А вот когда студенты-одногруппники упоминали холодное пиво, Миша наоборот воодушевлялся, и лягушка в животе не появлялась. Если бы кто-то поставил на вид комсомольцу Михаилу Иосифовичу Шляфирнеру, что он относится к холодному пиву гораздо лучше, чем к Генеральному Секретарю ЦК КПСС, четырежды Герою Советского Союза, Миша бы был очень сконфужен, потому что ему абсолютно нечего было бы возразить. По счастью, никто ему это на вид не ставил, видимо по той простой причине, что никто не догадался сравнить ценность того и другого для человека, а если бы кто-то даже и догадался, то он и сам был бы сконфужен ничуть не меньше.
Частое посещение лягушкой Мишиного живота не пошло ему на пользу, и по прошествии нескольких месяцев Миша стал замечать какое-то тоскливое и непонятное нытье под ложечкой, которое неизменно появлялось во время политинформации. Сосущие и тянущие спазмы в животе, отдающие в шею и в затылок, возникали примерно в середине политинформации и не проходили до самого ее конца, а потом держались еще примерно часа полтора, и в конце концов Миша решил, что у него гастрит или язва желудка. Он записался на прием в студенческую поликлинику, где ему назначили анализ желудочного сока и контрастную рентгенографию желудка. Миша сперва мужественно проглотил тошнотворный резиновый зонд с ребристым металлическим набалдашником, а на следующий день выпил стакан препротивнейшего бария, делая один, два или более глотков по команде рентгенолога. И анализы, и рентгенограммы вышли совершенно нормальными – хоть в космос отправляй.

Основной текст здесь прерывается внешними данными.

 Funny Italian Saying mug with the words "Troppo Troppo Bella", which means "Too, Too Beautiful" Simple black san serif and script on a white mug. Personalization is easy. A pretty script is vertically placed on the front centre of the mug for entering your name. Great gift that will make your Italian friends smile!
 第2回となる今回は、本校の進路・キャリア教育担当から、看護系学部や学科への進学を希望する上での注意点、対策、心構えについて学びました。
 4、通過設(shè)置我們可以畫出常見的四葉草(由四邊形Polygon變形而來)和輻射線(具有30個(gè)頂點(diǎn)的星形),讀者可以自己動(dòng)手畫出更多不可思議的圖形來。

Потом Миша неожиданно для себя открыл, что нытье под ложечкой связано не с самим по себе желудком, а скорее, с настроением. Подложечная область почему-то реагировала на огорчения, неудачи и потрясения, но не на все, а только на такие, которые имели своим следствием тоску и грусть. Миша мало по малу вспомнил, что тоскливая, ноющая боль в эпигастральной области, без четкой локализации, появлялась не только после политинформации, но и после других событий. В первый раз это ощущение появилось, когда на занятии по нормальной анатомии приступили к препарированию нового трупа. Труп был среднего возраста, и его звали Витя. Это имя было выколото на внешней стороне его правой кисти. На другой кисти было выколото слово «ЗЛО». По рассказам приблатненных приятелей – соседей по двору – Миша знал, что это не просто слово, а сокращение, и расшифровывается оно: «За все легавым отомщу». На стопах татуировки были гораздо веселее. На левой стопе синела фраза «Они устали», а на правой можно было прочитать окончание предложения: «но до пивной дойдут».

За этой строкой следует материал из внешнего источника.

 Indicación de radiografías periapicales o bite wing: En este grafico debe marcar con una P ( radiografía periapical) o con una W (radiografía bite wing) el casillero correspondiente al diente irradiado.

Мишины ноги тоже изрядно устали после беготни, прыжков и футбола, но они бодро несли его к пивной, которая стояла всего в квартале от стадиона. Миша представил себе вкус холодного пива с солеными сушками и немного прибавил шагу.

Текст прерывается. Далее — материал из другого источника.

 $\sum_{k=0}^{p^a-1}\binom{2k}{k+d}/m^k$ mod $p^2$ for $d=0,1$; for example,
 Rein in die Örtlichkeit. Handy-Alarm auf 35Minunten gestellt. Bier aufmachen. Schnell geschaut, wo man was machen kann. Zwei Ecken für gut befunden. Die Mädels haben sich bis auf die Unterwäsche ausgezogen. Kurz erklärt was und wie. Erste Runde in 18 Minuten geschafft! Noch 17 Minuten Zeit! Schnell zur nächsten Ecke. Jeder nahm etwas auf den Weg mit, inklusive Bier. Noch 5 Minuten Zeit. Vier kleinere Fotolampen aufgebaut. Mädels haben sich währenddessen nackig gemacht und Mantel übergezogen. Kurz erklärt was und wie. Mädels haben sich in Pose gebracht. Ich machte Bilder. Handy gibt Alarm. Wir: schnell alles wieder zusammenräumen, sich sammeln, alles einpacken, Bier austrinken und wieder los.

Разумеется, нытье под ложечкой возникло у Миши вовсе не от страха перед трупом – трупов Миша не боялся и препарировал их лучше всех в группе, особенно сосудисто-нервные пучки, где требуется особая осторожность. Нытье под ложечкой началось после того, как Миша случайно посмотрел трупу в лицо. Именно в лицо, как живому человеку, а не на лицо, как положено смотреть на труп – в этом и заключалась ошибка, с которой все и началось.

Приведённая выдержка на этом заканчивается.